A BOOK chronicling the shocking murder of a well-to-do Jewish couple in Edgware was launched today, 60 years after it happened.

Murder Without Motive? profiles the deaths of Leopold and Esther Goodman and is written by Jeff Grout, the son of the original detective on the case, using his father Philip's original notes.

Just 88-days after the murder, Daniel Raven, the couple's son-in-law and father of their first grandchild who had been born days before, was hanged for the killings.

The story of the murder on October 10, 1949, was covered in detail for the Edgware Times by former reporter and current blogger Dennis Signy.

This morning Mr Grout, a renowned business writer and motivational speaker, told an audience assembled in a restaurant on the South Bank about how he had come to write the book.

“One day about eight years ago my wife and I had gone for tea with my parents, and my wife had asked my father to tell her about one of his cases,” he said.

“Now my father had worked on many interesting crimes over the years including the Great Train Robbery, the Profumo Affair and the Hanratty case, but he chose to tell her about this murder.

“Sadly a couple of years later he died, and while my brother and I were going through his personal effects we found one neat file he had kept from his time in the police, which was the Goodman murders.”

The file was stored away, before Mr Grout decided to open it again and, with the help of co-author Liz Fisher, dig into the background of the murders.

They set about finding people who remembered the crime and launched an appeal through the Edgware Times to get people to come forward.

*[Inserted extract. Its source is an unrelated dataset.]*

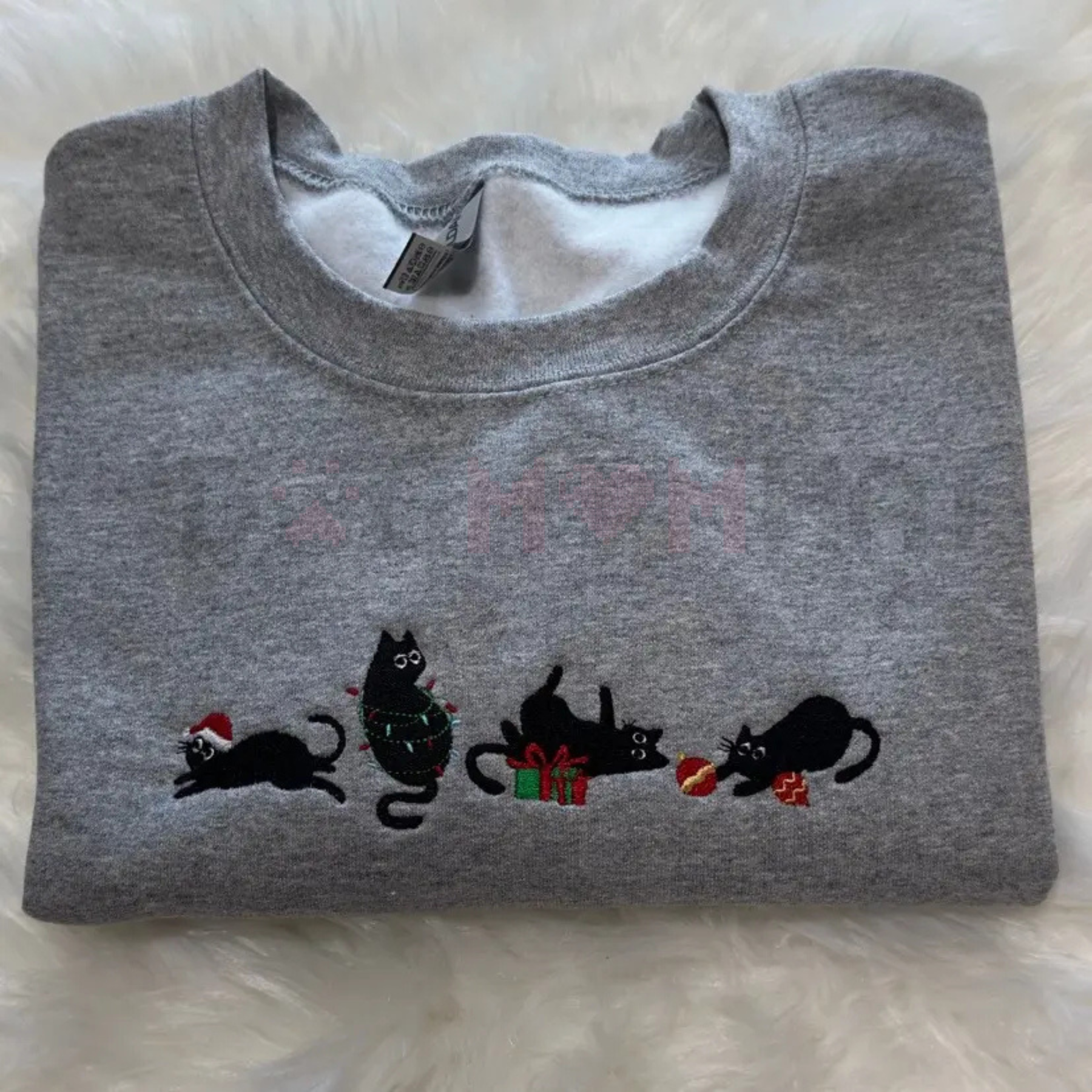 Goth Christmas Cats Embroidered Pullover – Dark Aesthetic Holiday Crewneck

He added: “One person who read that was a man called Ashleigh Brilliant, who was a 15-year-old living in Edgware at the time of the murders saw it online.

“He sent us his diaries for that period of 1949 and 1950 and they really helped to fill in the pieces.

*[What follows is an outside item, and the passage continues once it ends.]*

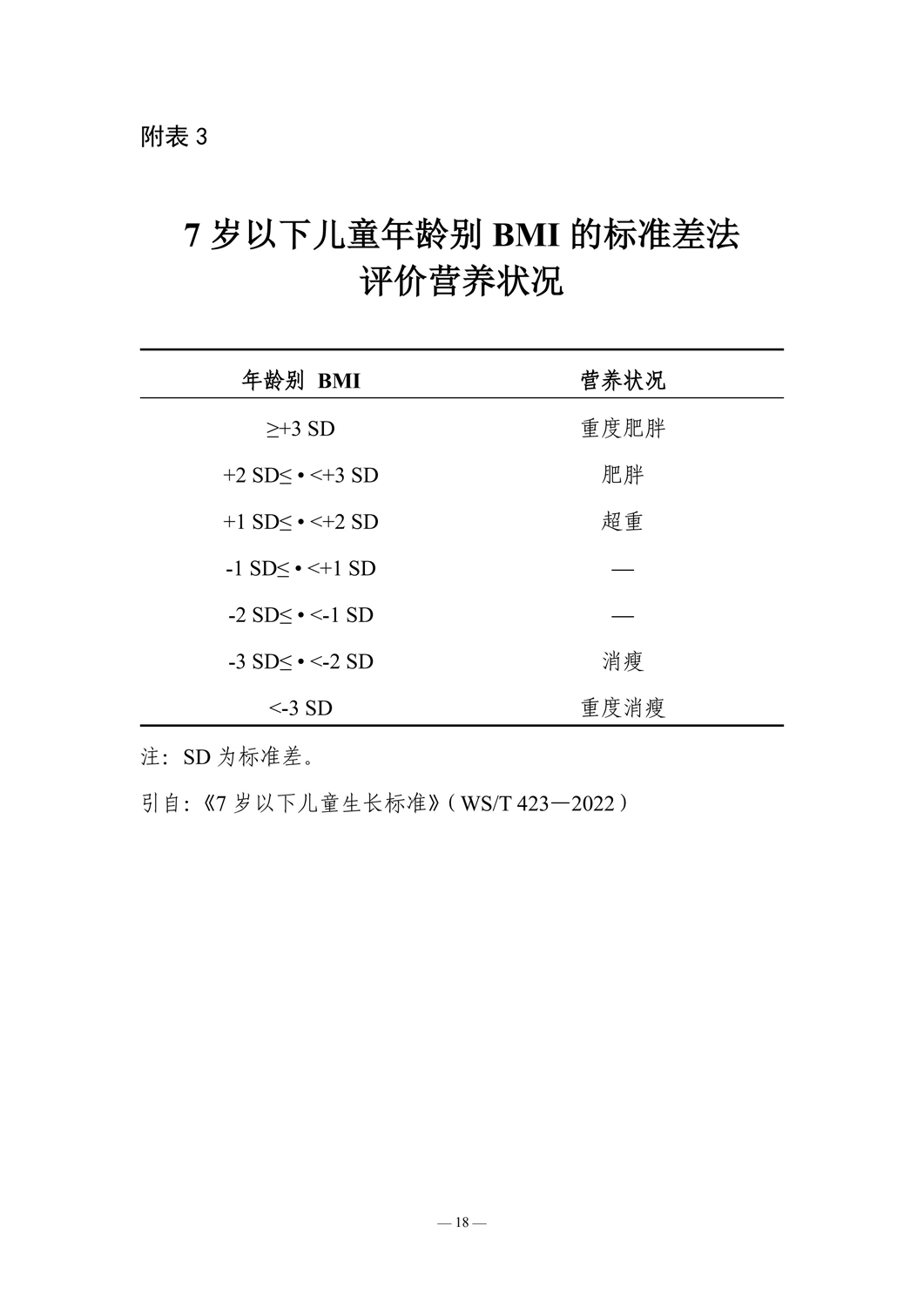 7岁以下儿童年龄别BMI的标准差法评价或养状况

“A lot of other people who knew the Ravens also came forward to tell us their story, so it really helped us piece together a fuller account of what happened.”

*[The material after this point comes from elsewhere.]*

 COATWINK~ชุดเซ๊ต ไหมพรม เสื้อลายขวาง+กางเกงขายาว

The book reveals Daniel Raven had a mental health issues and may have had a defence of insanity during the three-day trial, but it was never used.

One thing which troubled Mr Grout while writing the book was that the police were never able to fully establish a motive for the chilling attack.

He said: “I do think Danny Raven was guilty, but I think from looking at it he had a terrible temper and money problems. He had stolen from the Goodmans while working for them before.

“It's been kind of a tribute to my dad to work on this book, finishing something he started. I think he kept the file because it was his first big case as a detective so it was some memorabilia.”

The book is available now in hardback.